Ну так как, господин Клоков, вы летите в Сингапур или остаетесь?
Клоков молчал.
К ним подошел широкоплечий пожилой человек – заместитель директора ФСБ генерал Касьянов.
– Понимаю ваше состояние, Герман Григорьевич, – сказал он. – Чтобы дать вам немного успокоиться и прийти в себя, предлагаю небольшую автомобильную прогулку.
Какую машину предпочитаете, нашу или свою? А впрочем, какая теперь разница, верно? Давайте на вашей. Так оно привычней. Да, кстати, руководителем нашей делегации в Сингапуре утвержден Пашков.
Они вернулись туда, где на широкой площадке перед приземистыми строениями правительственного аэровокзала выстроились на линейке несколько десятков лимузинов и «джипов» с сотрудниками службы безопасности.
Клокова подвели к его «мерседесу», и он снова оказался на заднем сиденье, на обычном своем месте, но только теперь справа и слева от него сидели этот худой усталый человек и другой – лысоватый крепыш.
Генерал Касьянов устроился впереди, рядом с водителем.
– Хорошо бы сейчас на дачу! – сказал Касьянов. – На какую из ваших загородных резиденций предпочитаете? В Петрово‑Дальнее, в Горки‑девять или в Жуковку?
– Какой‑то грязный, недостойный спектакль! – справившись наконец с собой, твердо сказал Клоков. – Совершенно в духе Берии или Ежова.
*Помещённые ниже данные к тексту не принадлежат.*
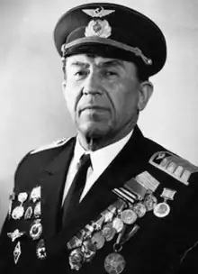After the start of Operation Barbarossa he requested to be sent to the front, but was initially denied and retained as a flight instructor instead. From 1941 to 1942 he trained 71 pilots, after which he mastered piloting a new variant of the Li-2. In February 1944 he was sent to the front per his request, and assigned to the 10th Guards Aviation Division. That year flew 109 night missions delivering cargo to troops and partisans as well as reconnaissance. As pilot-in-command, his crew consisted of co-pilot Pyotr Gordienko, navigator Nikolai Smirnov, flight engineer Nikolai Dyomin, and radio operator Mikhail Malinkin. On 1 January 1945 he was reassigned to the 19th Special-Purpose Civil Aviation Regiment, in which he flew missions in Poland to provide assistance to partisans under Siarhei Prytytski. In addition to the Soviet Order of the Patriotic War and Order of the Red Banner he was awarded the Polish Virtuti Militari for his sorties. On 9 May 1945 he flew in the mission that delivered the German Instrument of Surrender and Victory Banner to Moscow.[2][4][5][6]
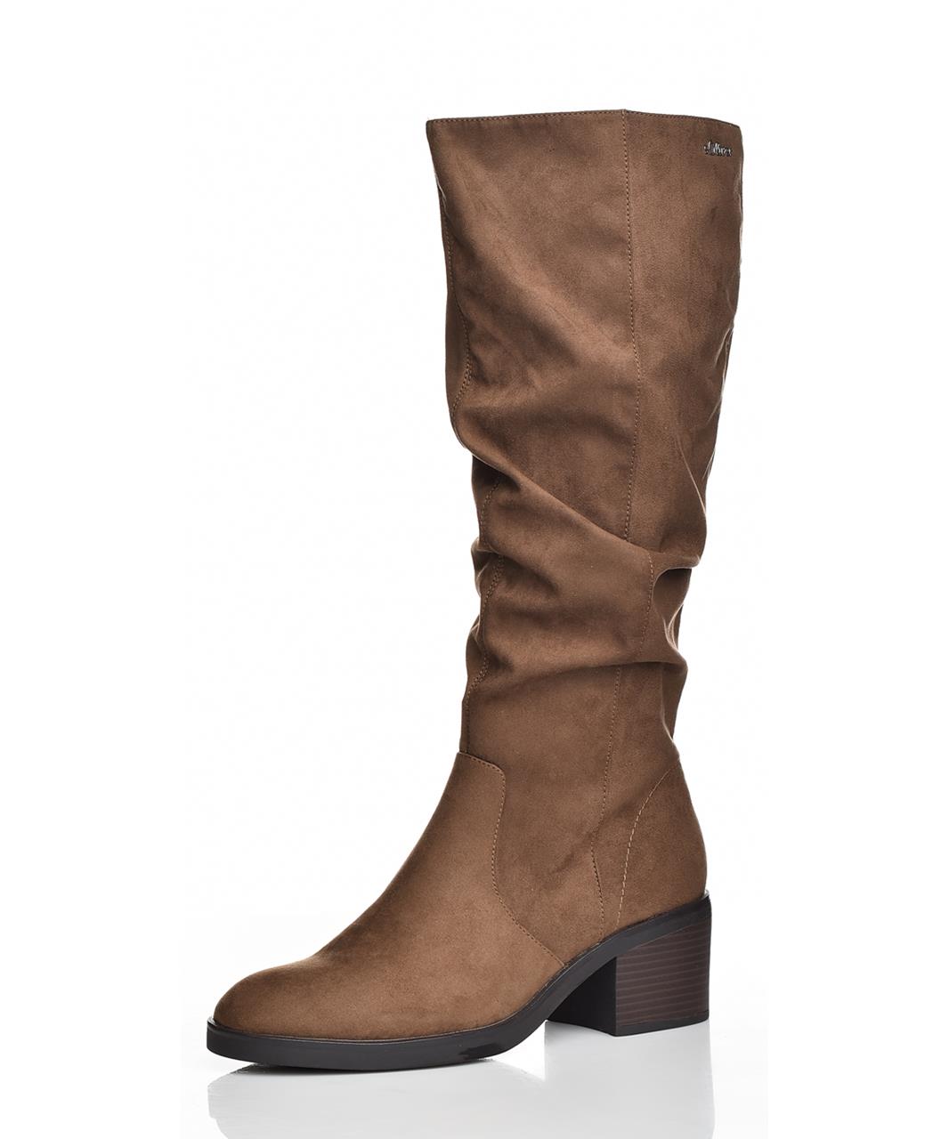 Дамски високи ботуши от еко кожа в кафяв нюанс. Стилен намачкан дизайн, удобен широк среден ток и закръглен връх. Подходящи за ежедневие и елегантни визии, с меко вътрешно покритие. Подсилена подметка

Значит, действительно ничего не изменилось. Те же приемы, те же провокации. Я знаю, что вы задумали… – Ваши демократические убеждения хорошо известны, Герман Григорьевич!слегка улыбнулся Касьянов. – Но честное слово, постарайтесь быть достойным вашего масштаба. Вы же прекрасно понимаете, что нужны были очень веские основания, чтобы мы пошли на такие меры. Так на какую дачу прикажете?
– Вы не получите ни одного ответа! – резко сказал Клоков. – Вы замыслили обычное политическое убийство? Что ж, вам не привыкать.
– Герман Григорьевич, вероятно, забыл, – сказал лысоватый крепыш, сидевший от него слева, – что в его распоряжении находится еще один режимный дачный объект. Резервная вилла в Архангельском, с мобильным узлом связи на случай войны или чрезвычайного положения.
– А вот давайте туда и поедем, – сказал Касьянов.
И кортеж вновь помчался по Киевскому шоссе. Клоков, как гроссмейстер в остром цейтноте, быстро просчитывал все ходы, варианты и комбинации, но никакого спасительного решения не находилось. Он закрыл глаза и как бы впал в прострацию.
То, что он проиграл, он понял сразу, еще там, у самолета. Теперь надо было оценить нанесенный ему урон.
Нет, не ему… Уже не ему, но тому делу, которому он служил, заглядывая вперед, в то уже недалекое будущее, когда в стране, согласно его воле, должно было поменяться все. Когда в этой несчастной, придурковатой России наконец‑то установился бы долгожданный порядок, которого со времен татар все ждали и не дождались столько поколений, порядок железного рационального разума взамен извечной стихии бардака, пустопорожней болтовни и слюнявых мечтаний. За эти десять лет он сделал много, удивительно много для того, чтобы такой порядок пришел и утвердился как бы силою вещей, как естественная безальтернативная неизбежность. Все силы, все средства, все возможности были направлены на то, чтобы подготовить почву и выпестовать поколение людей, для которых эта новая строгая российская жизнь без абстракций каких‑то нелепых «свобод» стала бы высшей и единственной формой свободы.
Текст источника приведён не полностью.